We start off with defining a size for the input, a number of iterations to run, and an initial random boolean vector.

In [274]:

N = 100
niter = 100
vstart = 1.0 * (rand(N)>0.5)

(Encoding Rule 110 as Matrix Operations)

The idea behind encoding Rule 110 as matrix operations is the following:

we observe that there are only two cases where the output is zero
all bits in the 3-neighborhood are 1: $111$ $\rightarrow$ zero output
the two rightmost bits are 1: $?00$ $\rightarrow$ zero output

Given a vector $(...,x_i-1,x_i,x_i+1,...)$, we can test whether all three bits are 1 by computing a dot product:

$$ (0,...,0,1,1,1,0,...,0) \cdot (...,x_i-1,x_i,x_i+1,...) \geq 3 $$

We can do this for every 3-neighborhood by constructing a circulant matrix.

In [275]:

# counting the number of bits
Mall = linalg.circulant(1*(roll(arange(N)<3,-1)))
imshow(Mall,interpolation='none',cmap=cm.gray)
print 1*(dot(Mall,vstart)>=3)

[0 0 0 0 0 0 0 0 0 0 0 0 0 0 0 0 0 0 0 0 0 0 0 0 0 0 0 0 0 1 0 0 0 0 0 1 1
 0 0 0 0 0 0 0 0 0 0 0 0 1 1 0 0 0 0 0 0 0 0 0 0 0 0 0 0 0 0 0 0 0 0 0 0 0
 0 0 1 0 0 0 0 0 0 0 0 0 0 1 1 0 0 0 0 0 0 0 0 0 0 0]

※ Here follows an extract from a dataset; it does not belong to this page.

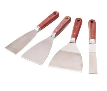Consists of four top quality wooden handled professional decorating cutlery. It includes the most popular tools for stripping and filling tasks; two Filling Knives - 1in (25mm) and 2in (50mm), and two Scrapers - 3in (75mm) and 4in (100mm).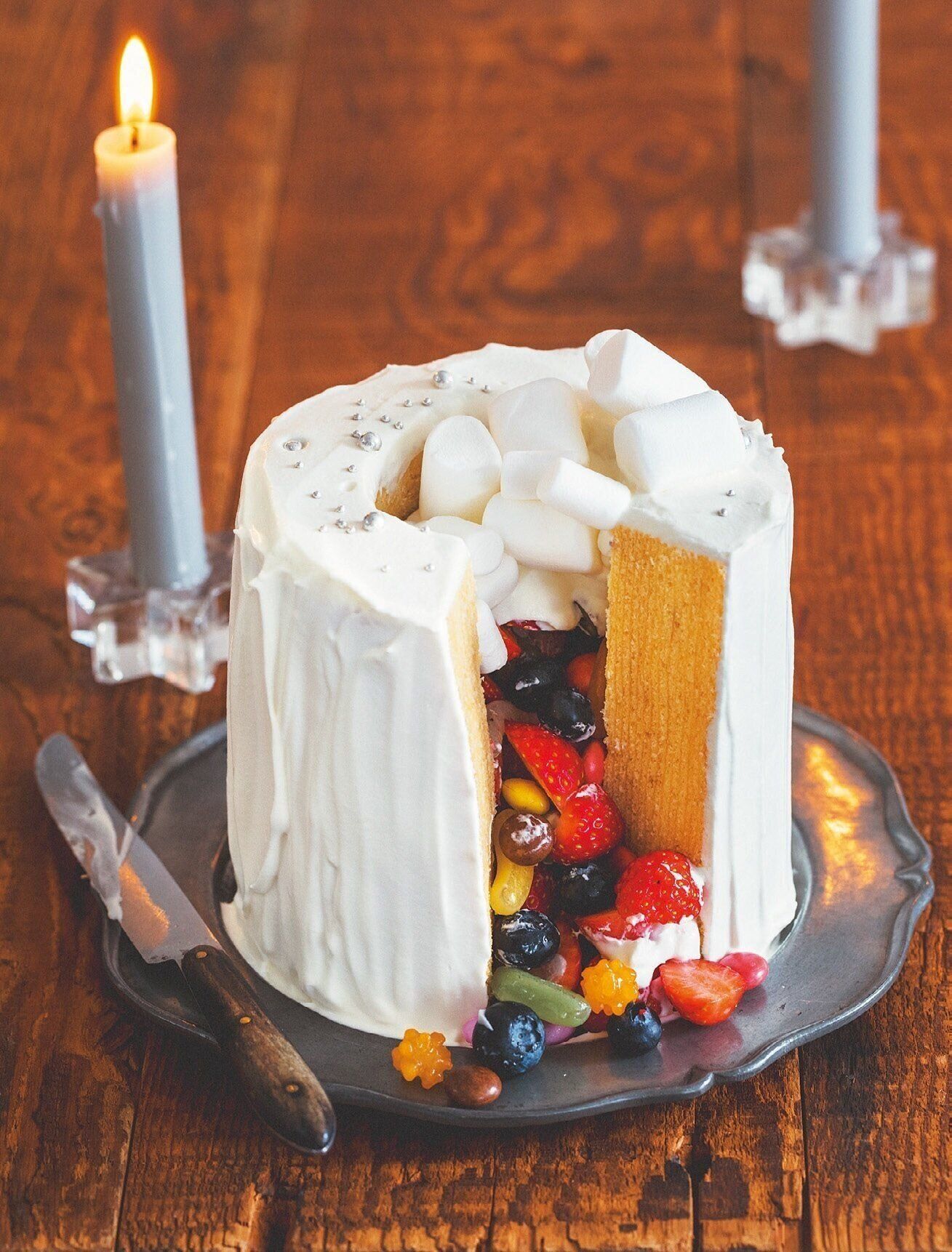中にはベリーとお菓子がぎっしり。大歓声間違いなし!きらきらベリーケーキ

With the same idea, we test whether the two rightmost bits are zero.

In [276]:

Mlo = linalg.circulant(-1*(arange(N)<2))

We can now put these two ideas together and compute vectors $v_{111}$ and $v_{x00}$ that indicate whether we are in a $111$ or $x00$ neighborhood.

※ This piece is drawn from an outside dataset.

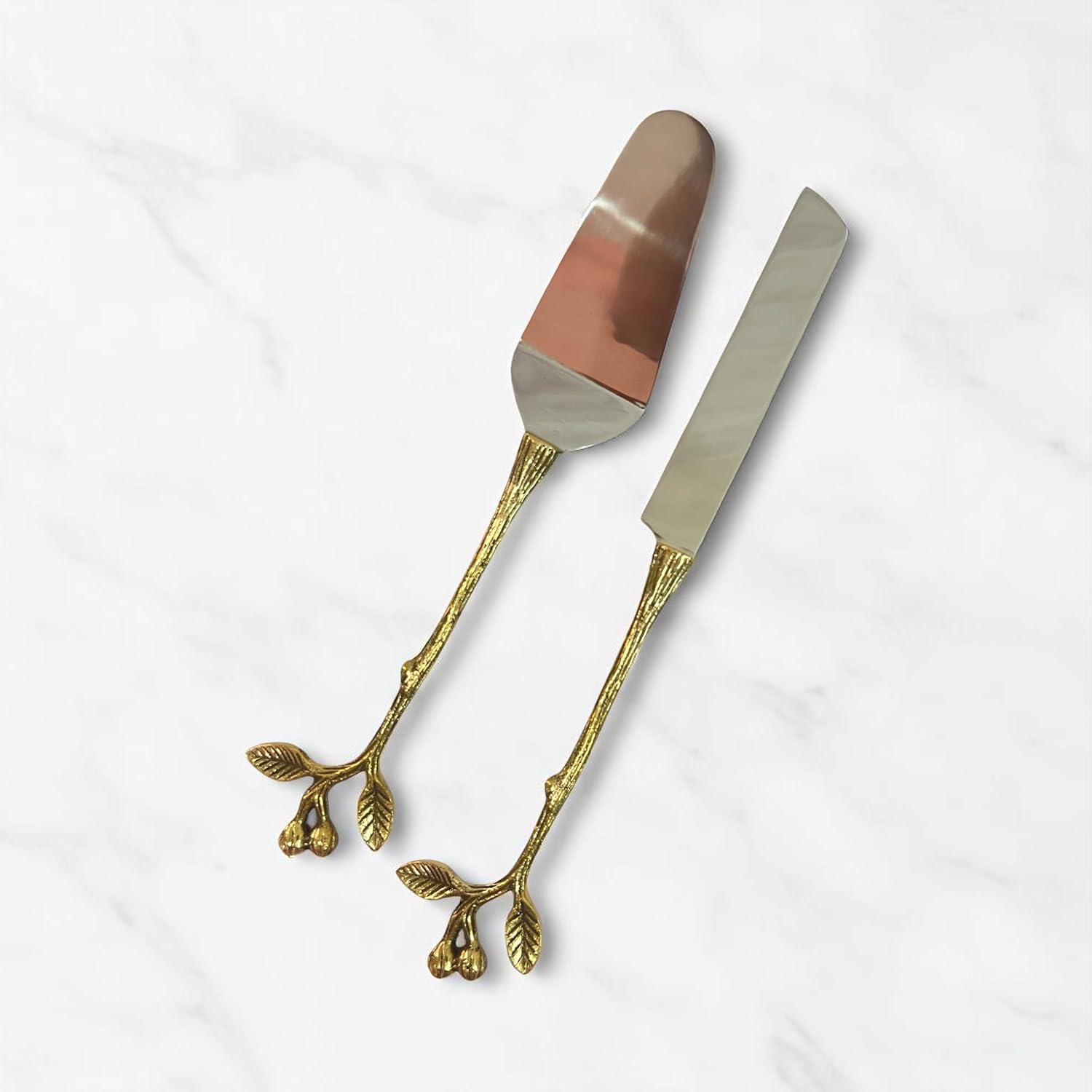 Add a touch of vintage elegance and botanical charm to your special moments with the Morcomart Brass Cake Knife and Server Set. This beautifully handcrafted 2-piece set features stainless steel blades paired with exquisite floral bud and leaf brass handles, bringing artful sophistication to your dessert presentation. Designed for cake cutting and serving at weddings, anniversaries, housewarmings, and other celebrations, this set blends form with function. The handles are cast in solid brass with natural textures, evoking blooming buds on golden stems – perfect for romantic themes. Made by skilled artisans in India, this piece reflects fine craftsmanship and makes an elegant heirloom or premium gift. Durable, easy to clean, and designed to impress at every celebration.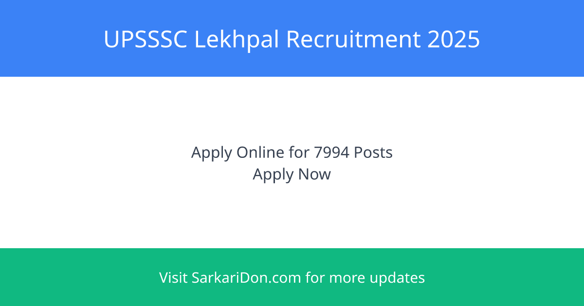 Uttar Pradesh Subordinate Service Selection Commission (UPSSSC) has released an official notification for recruitment to the post of Lekhpal with a total of 7994 vacancies. This is a fantastic opportunity to grab a government job in Uttar Pradesh. Interested candidates can apply online starting December 29, 2025. The last date to submit the application is January 28, 2026.

We can then compute another threshold function to compute the NOR of these two vectors to get the final output.

In [277]:

# Rule 110, two steps
v = vstart.copy()
result = []
for i in range(niter):
    result.append(v)
    v111 = (dot(Mall,v)>=3)
    vx00 = (dot(Mlo,v)>=0)
    on = (-1*v111-1*vx00>=0)
    v = 1*on

This actually looks quite nicely like Rule 110 ought to look.

In [278]:

imshow(array(result),interpolation='nearest',cmap=cm.gray)

Out[278]:

<matplotlib.image.AxesImage at 0xf7d2bd0>

(Single Recurrent Neural Network)

This isn't quite a recurrent neural network yet.

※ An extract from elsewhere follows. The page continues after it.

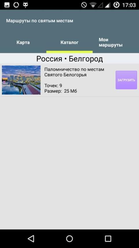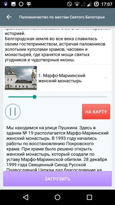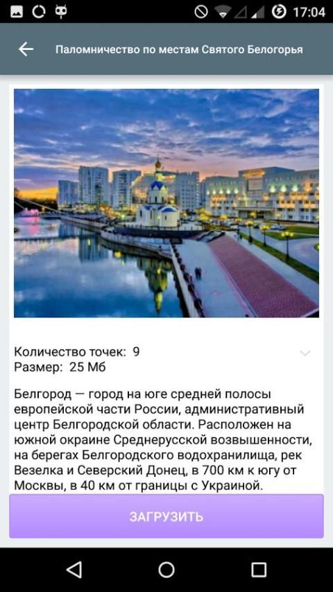 Aplikasi ini dirancang untuk membantu peziarah membaca untuk tempat-tempat suci Ortodoks rute dan melewati mereka.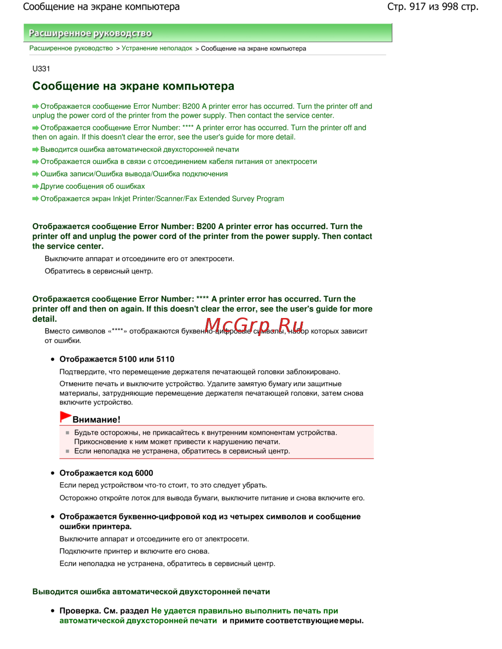 Canon Pixma MG5140 — руководство по устранению неполадок принтера: коды ошибок и действия [917/998]

To get that, we pack together the vector $v$ with two variables representing intermediate states of the computation.

If you work out the matrix multiplications, you'll see that this outputs a row of the original output every other step.

In [279]:

Z = zeros((N,N))
v = concatenate([vstart,zeros(2*N)])
M = array(bmat([[Z,-1*eye(N),-1*eye(N)],[Mall,Z,Z],[Mlo,Z,Z]]))
b = concatenate([zeros(N),3*ones(N),zeros(N)])

(Weight Matrix)

This shows the weight matrix of the single layer recurrent network for Rule 110. Note that all the green entries are 0. We can greatly speed up such computations using a sparse matrix package.

In [280]:

imshow(M)

Out[280]:

<matplotlib.image.AxesImage at 0xfb4dd90>

After this packing, the entire inner loop is a simpler recurrent layer of linear threshold units.

In [281]:

result = []
for i in range(2*niter):
    result.append(v)
    v = H(dot(M,v)-b)

In [282]:

result = array(result)
imshow(result,interpolation='nearest',cmap=cm.gray)

Out[282]:

<matplotlib.image.AxesImage at 0xfcf7910>

To extract the Rule 110 result, we just take every other output, and we ignore the intermediate results.

In [283]:

imshow(result[::2,:N],interpolation='nearest',cmap=cm.gray)

Out[283]:

<matplotlib.image.AxesImage at 0xfd1e910>

(Summary)

we implemented Rule 110 as a recurrent, single-layer neural network with McCulloch-Pitts neurons
Rule 110 can emulate a tag system
a tag system can emulate a Turing machine

Therefore, recurrent single layer neural networks are Turing complete.

We also could emulate a Turing machine directly.